Each of the touchscreen display 503, the communication interfaces 504-507, the GPS interface 508, the sensors 509, the camera 510, and the speaker/microphone codec 513, 514 all can be viewed as various forms of I/O (input and/or output) relative to the overall computing system including, where appropriate, an integrated peripheral device as well (e.g., the camera 510). Depending on implementation, various ones of these I/O components may be integrated on the applications processor/multi-core processor 550 or may be located off the die or outside the package of the applications processor/multi-core processor 550.
Embodiments of the invention may include various processes as set forth above. The processes may be embodied in machine-executable instructions. The instructions can be used to cause a general-purpose or special-purpose processor to perform certain processes. Alternatively, these processes may be performed by specific hardware components that contain hardwired logic for performing the processes, or by any combination of programmed computer components and custom hardware components.

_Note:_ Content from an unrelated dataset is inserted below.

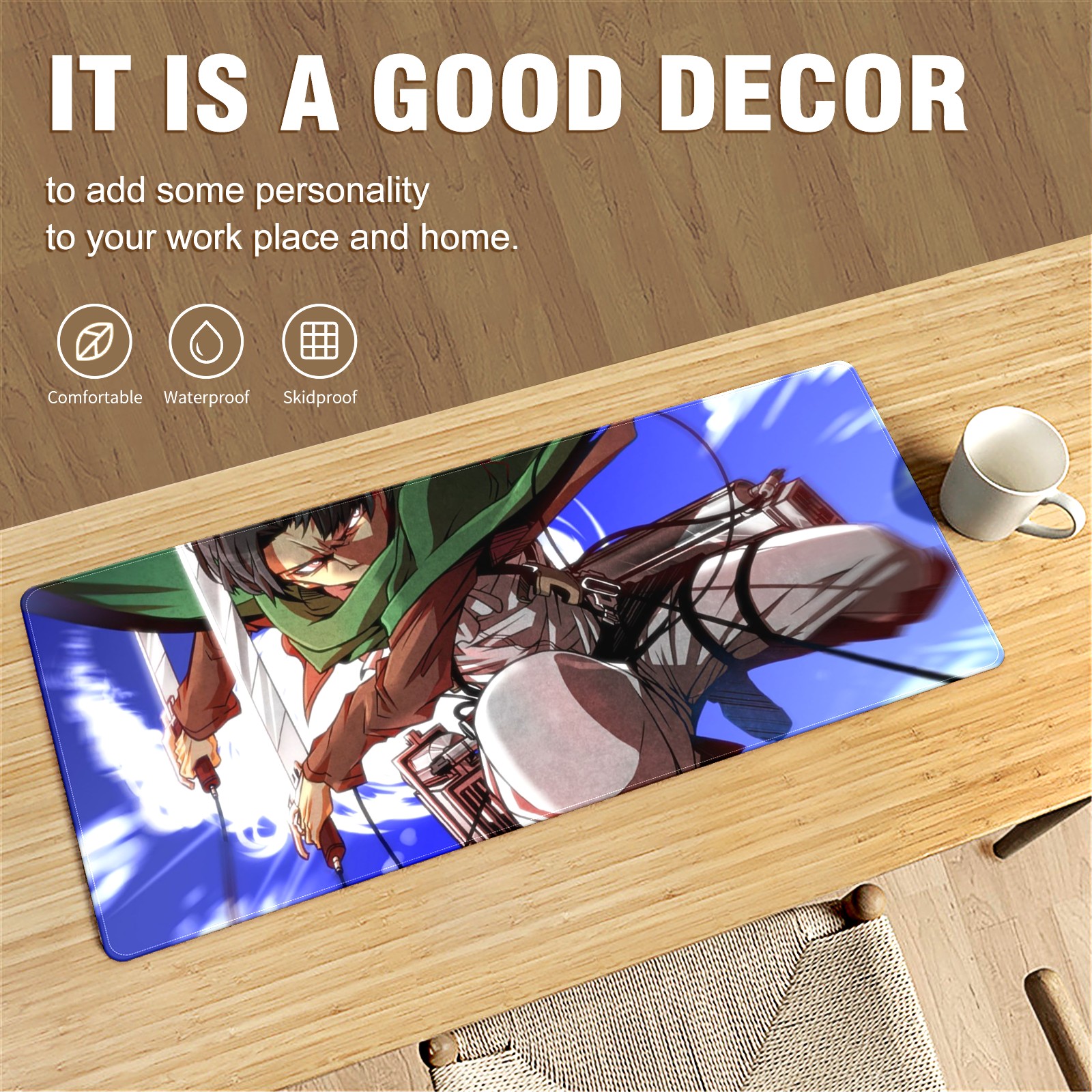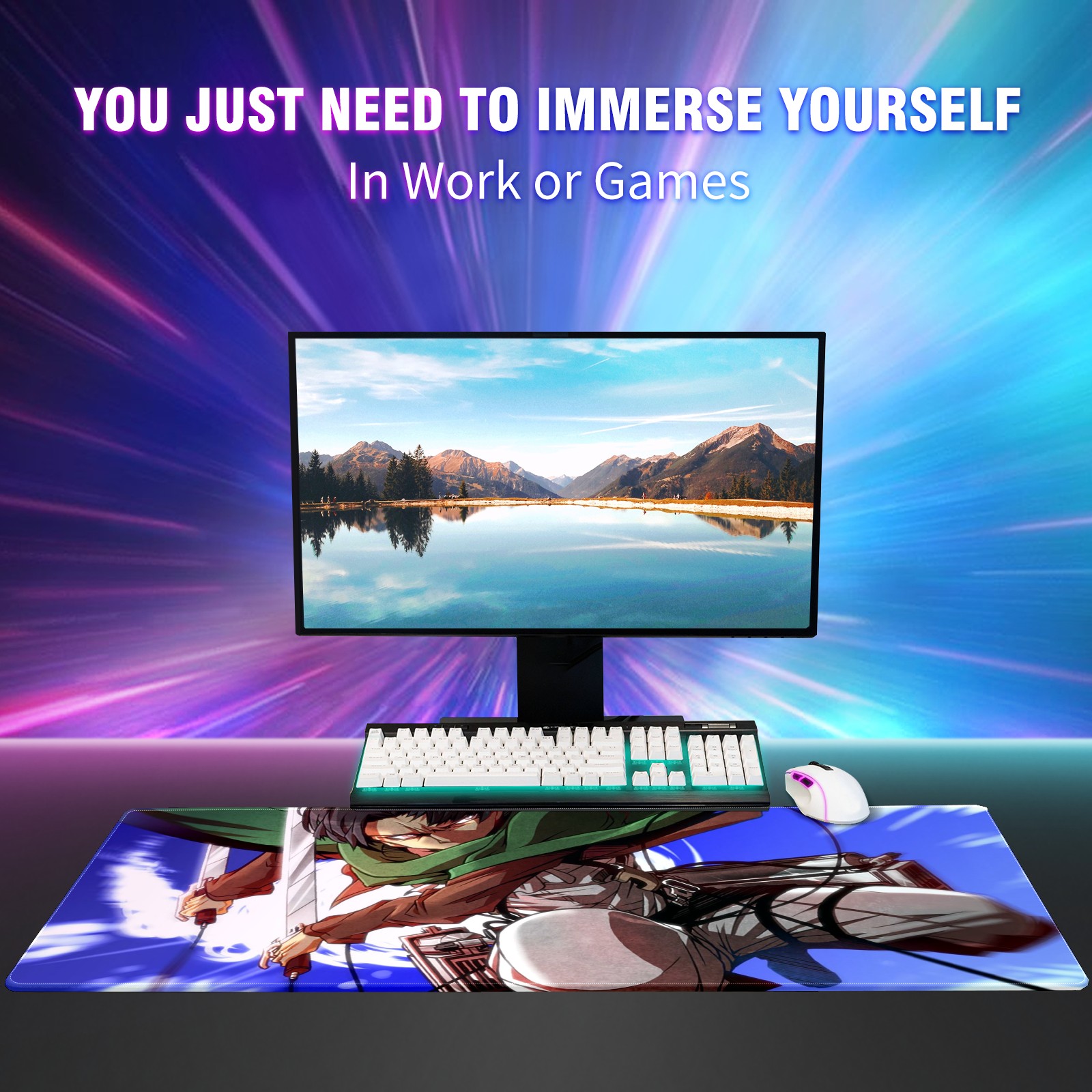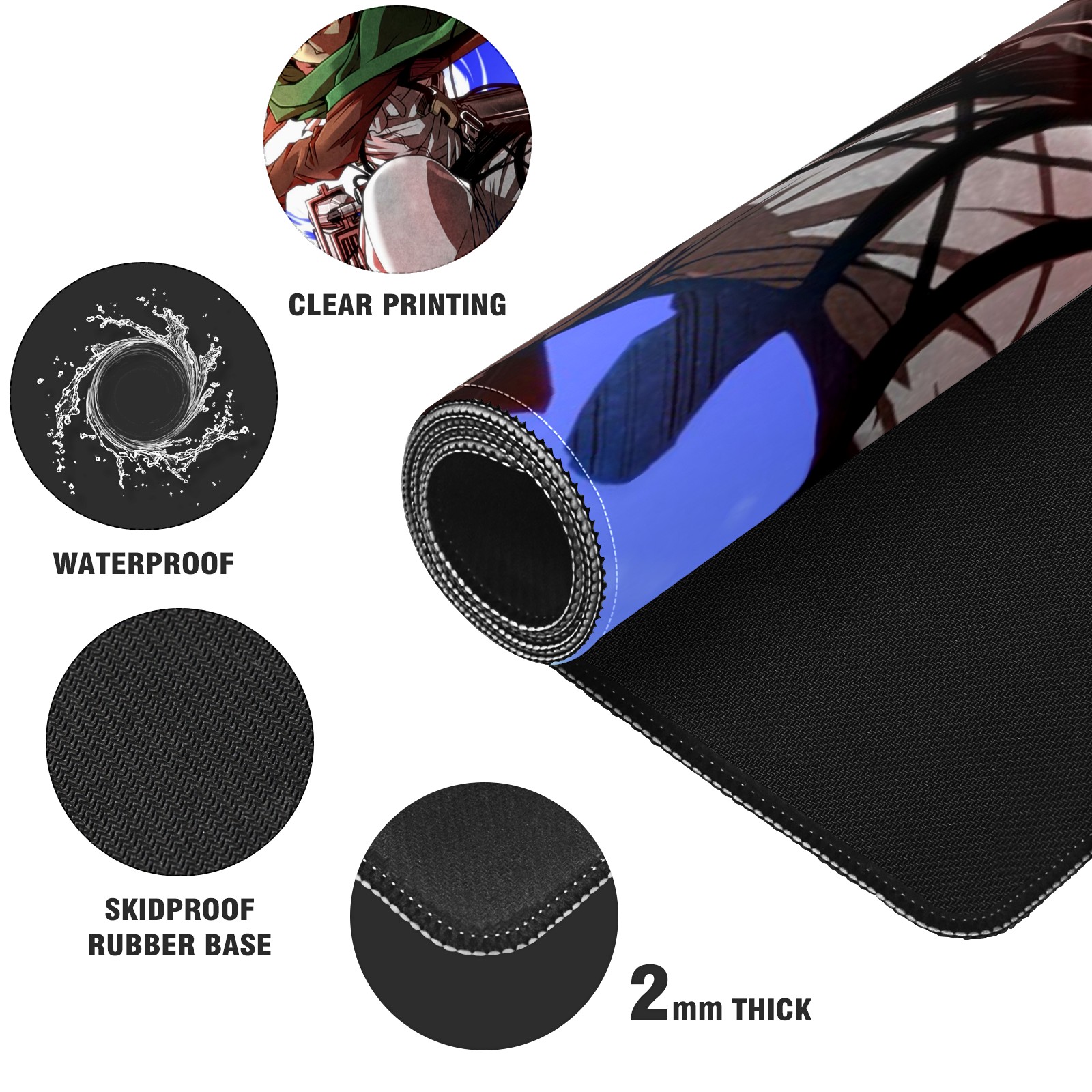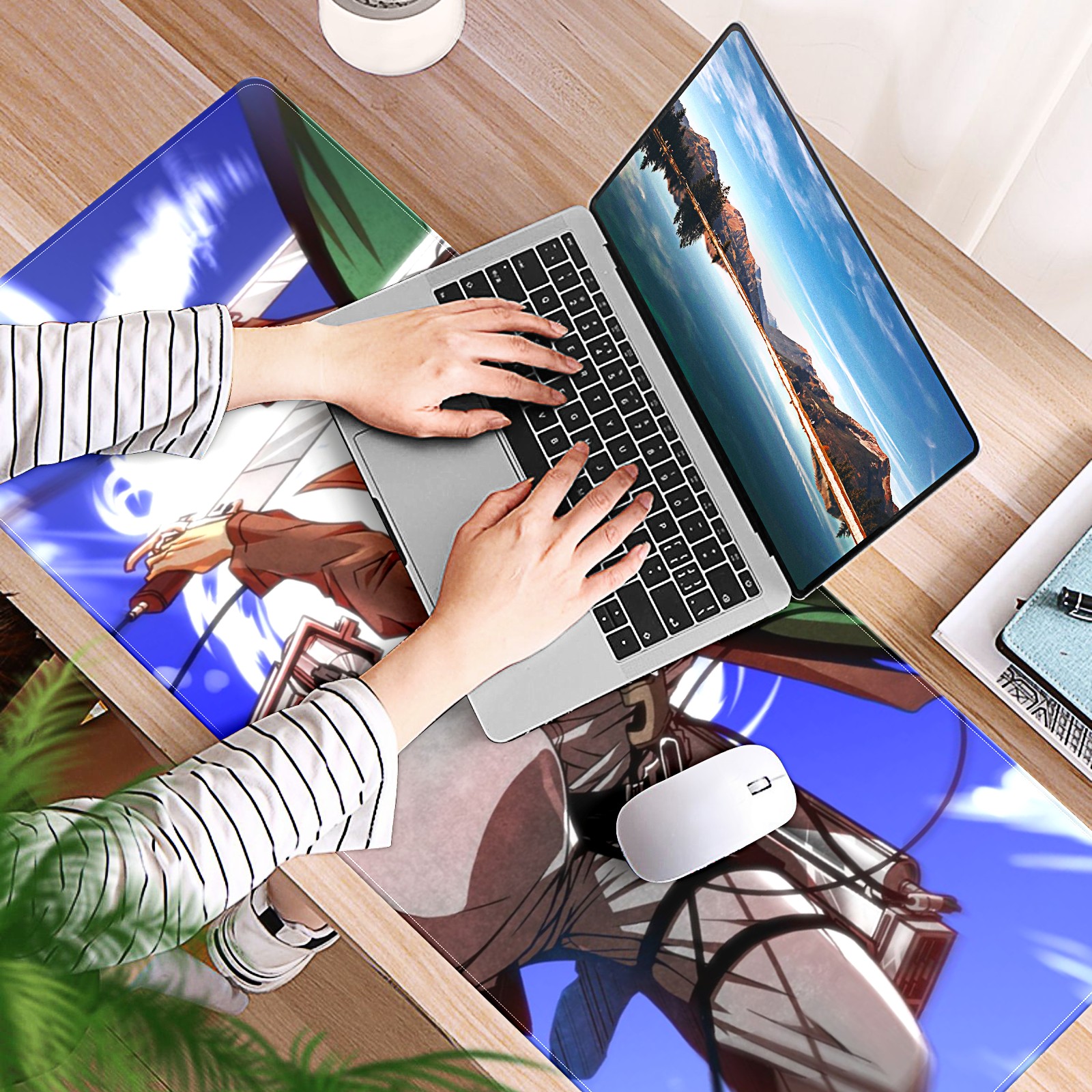 Large Mouse Pad for Desktop, Cute Desk Mat Pad Protector for Work & Gaming, Aesthetic Pretty Anti-Slip Laptop Blotter Cover for Office School Home Supplies, Attack On Titan (4) , 35.4inx15.7in

Elements of the present invention may also be provided as a machine-readable medium for storing the machine-executable instructions. The machine-readable medium may include, but is not limited to, floppy diskettes, optical disks, CD-ROMs, and magneto-optical disks, FLASH memory, ROMs, RAMs, EPROMs, EEPROMs, magnetic or optical cards, propagation media or other type of media/machine-readable medium suitable for storing electronic instructions. For example, the present invention may be downloaded as a computer program which may be transferred from a remote computer (e.g., a server) to a requesting computer (e.g., a client) by way of data signals embodied in a carrier wave or other propagation medium via a communication link (e.g., a modem or network connection).
In the foregoing specification, the invention has been described with reference to specific exemplary embodiments thereof. It will, however, be evident that various modifications and changes may be made thereto without departing from the broader spirit and scope of the invention as set forth in the appended claims. The specification and drawings are, accordingly, to be regarded in an illustrative rather than a restrictive sense.